--- Records to process ---
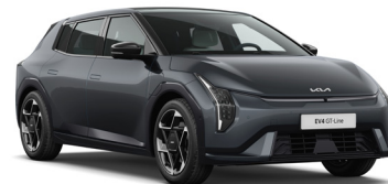
Penta Metal (H8G) Metál
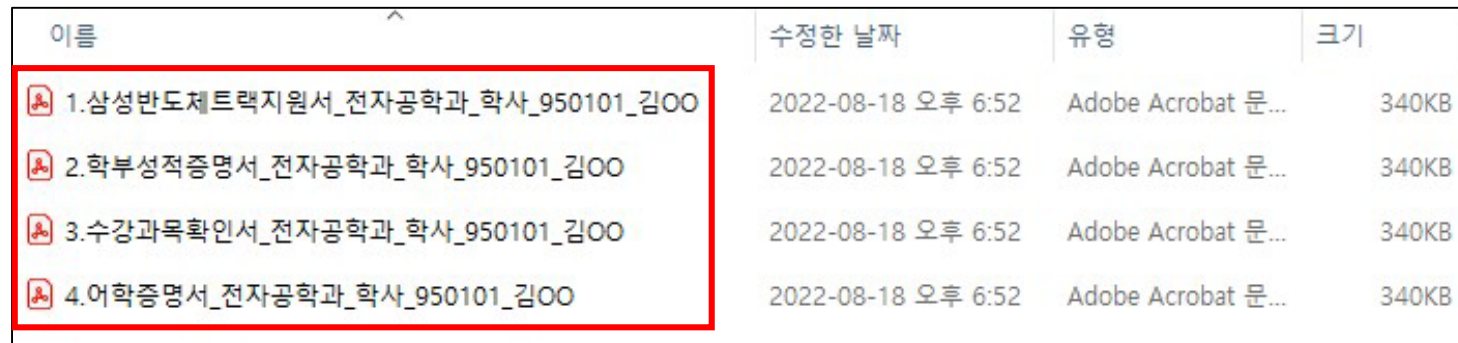
[그림 1] 파일형식 및 파일명 예시
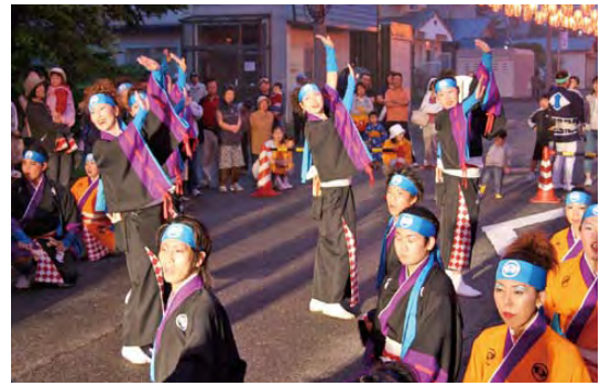
【厳島神社鳥居前での演舞】
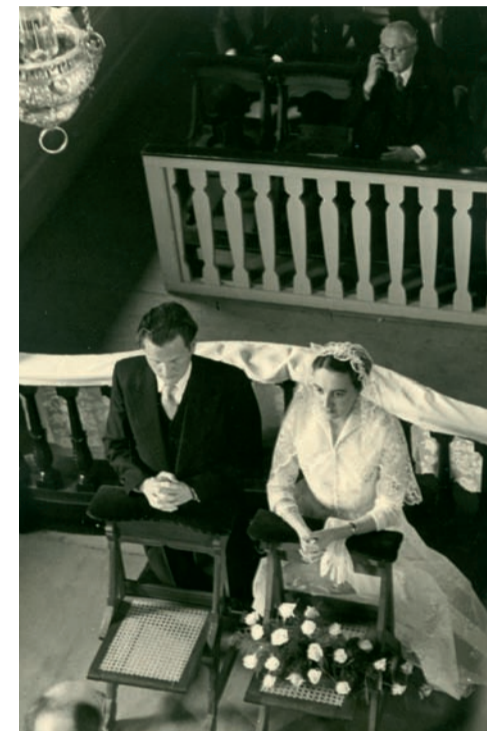
3 juli 1954

Eerstvolgende Solderviering zondag 4 december om 11.00 uur.
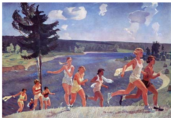
Рис.3, картина «Раздолье»

Следует заметить, что неспроста столь пристальное внимание А.А. Дейнека уделил именно Севастополю. Художник неоднократно посещал этот полюбившийся ему город. Именно там была в 1934 году написана картина «Севастополь. Вечер» [3]. Природа родной страны была одним из источников вдохновения для А.А. Дейнеки. Ее значимость и ценность будет выражена не в одной работе художника.
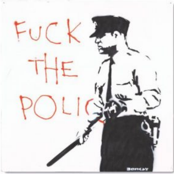
Fuck The Police, Grafiti, 2000, Banksy
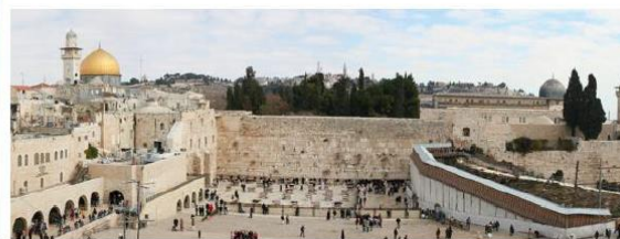
Doc 4 : Le mur des Lamentations
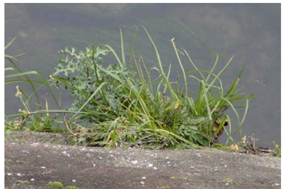
左からノボロギク、メリケンガヤツリ、他不明種 160117

アオイ科…タチアオイ 3(植) アカネ科…ヘクソカズラ 1、ヤエムグラ 1 アブラナ科…セイヨウカラシナ 1 イネ科…アキノエノコログサ 3、イヌムギ 2、イネ科 sp1、 エノコログサ 3(立枯れ)、オヒシバ 3(立枯れ)、 ジュズダマ 3、チガヤ 1、メヒシバ 3 イラクサ科…カラムシ 1 オシロイバナ科…オシロイバナ 1 カタバミ科…オオキバナカタバミ 2、カタバミ 2、ムラサキカタバミ 1 カヤツリグサ科…メリケンガヤツリ 3 キク科…セイタカアワダチソウ 1、ノゲシ 1、ヒメムカシヨモギ 3(立枯れ)、ヨモギ 1 クスノキ科…クスノキ 3(植) クマツヅラ科…ランタナ 2,3(植) ゴマノハグサ科…フラサバソウ 1 シソ科…チェリーセージ 2(植)、ホトケノザ 2 スイカズラ科…ハナツクバネウツギ 2(植) タデ科…アレチギシギシ 1、オオイヌタデ? 2(赤、白花) ツユクサ科…ツユクサ 1、ムラサキツユクサ 2(植) トウダイグサ科…コニシキソウ 3 ナス科…ワルナスビ? 3 バラ科…シャリンバイ 3(植)
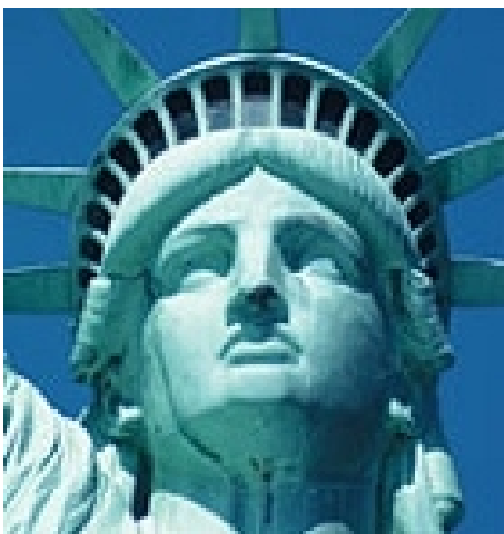
EIN MÖGLICHES HIGHT LIGHT: WOCHENEND- AUSFLUG NACH NEW YORK

FREIZEITMÖGLICHKEITEN Das ganze Jahr über organisiert die Schule ein vielseitiges Freizeitprogramm mit Besichtigungen, Spiel, Sport, Kino- und Theaterbesuchen, Tanzveranstaltungen, Wanderungen und Ausflügen. Dabei lernen Sie Studenten aus anderen Ländern kennen und werden viel Spaß haben. Mögliche Ausflugsziele sind die Niagarafälle, Québec City und Ottawa, gegebenenfalls New York City, Boston oder Chicago. Die Teilnahme an allen Aktivitäten ist freiwillig, anfallende Kosten bezahlen Sie vor Ort. Tagesausflüge kosten zwischen ca. CA$ 25 und ca. CA$ 100. Für Wochenendausflüge mit Übernachtung(en) müssen Sie mit CA$ 100 bis CA$ 350 rechnen.
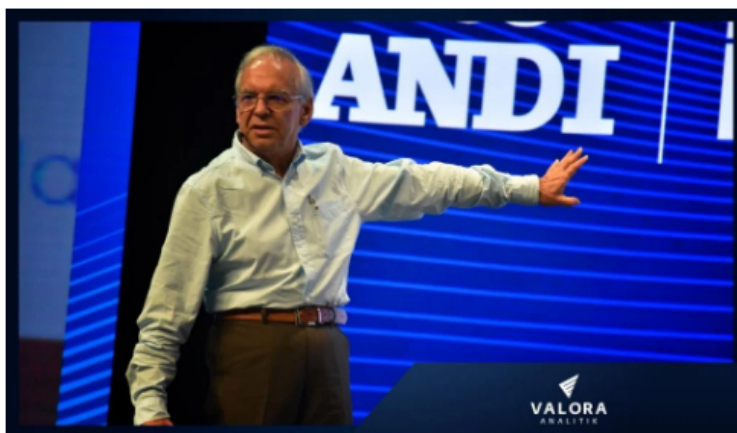
Ricardo Bonilla, ministro de Hacienda, habla del TLC entre Colombia y Estados Unidos.

En el segundo día la atención se centró en el ministro de Hacienda, Ricardo Bonilla y el Fiscal General de la Nación, Francisco Barbosa.
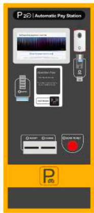
Maquina de Pago Automatico (APM)
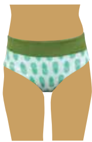
腰の生地を折り曲げています。
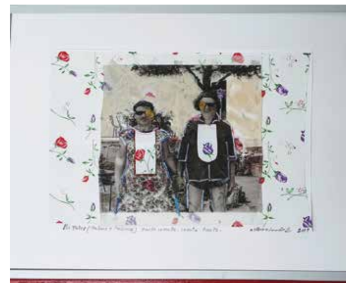
Los Pérez 2 (tanto monta, monta tanto), 2019 Mixta-collage sobre paper 32 x 41,5 cm
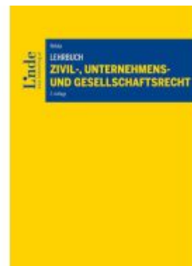
Lehrbuch Zivil-, Unternehmens- und Gesellschaftsrecht Ladenpreis: 55,00EUR
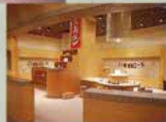
プレイ・シアター
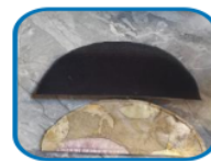
Figure 3. Making the gowang head cover
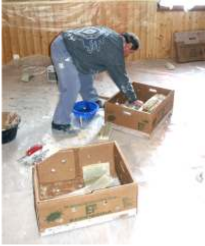
La pierre reconstituée et livrée en carton.
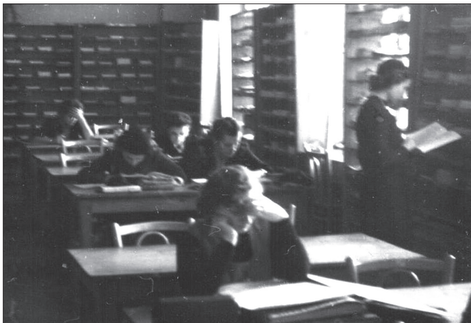
Ryc. 3. Czytelnia.

Jak wyglądało korzystanie przez czytelników z biblioteki oraz praca bibliotekarzy, najlepiej oddaje opis zamieszczony w łódzkiej gazecie: „Czytelnia mieszcząca się na I piętrze, ma tylko 48 miejsc, a powinno być 100. Czytelnicy i pracujący tu ludzie – przeważnie studenci, naukowcy, profesorowie – [...] nie mogą skupić uwagi na lekturze gdyż właśnie nad Czytelnią Główną mieści się sala ćwiczeń [...], gdzie odbywają się próby chórów, rytmiki i gimnastyki [...]. Książki dostarczane są w tzw. „kozłach” (ryc. 4). Pracownicy znoszą jak w swoim czasie kozłarze cegłę-książki do czytelni z III piętra, gdzie znajduje się magazyn główny, a po ich wykorzystaniu dźwigają je znowu na górę. Dodatkową trudność stanowi dostarczanie książek z magazynu znajdującego się przy al. Kościuszki 10 oraz ul. J. Matejki. Zamówione przez czytelników podręczniki znajdujące się w tych magazynach przewożone są do biblioteki przez gońców w teczkach lub plecakach” 2 .
---
Task
Return exactly the lines that appear in the data above between the line containing "Eerstvolgende Solderviering zondag" and the line containing "Следует заметить, что", both of which are included, and leave the pictures out.

Output of the exercise
Eerstvolgende Solderviering zondag 4 december om 11.00 uur.
Рис.3, картина «Раздолье»

Следует заметить, что неспроста столь пристальное внимание А.А. Дейнека уделил именно Севастополю. Художник неоднократно посещал этот полюбившийся ему город. Именно там была в 1934 году написана картина «Севастополь. Вечер» [3]. Природа родной страны была одним из источников вдохновения для А.А. Дейнеки. Ее значимость и ценность будет выражена не в одной работе художника.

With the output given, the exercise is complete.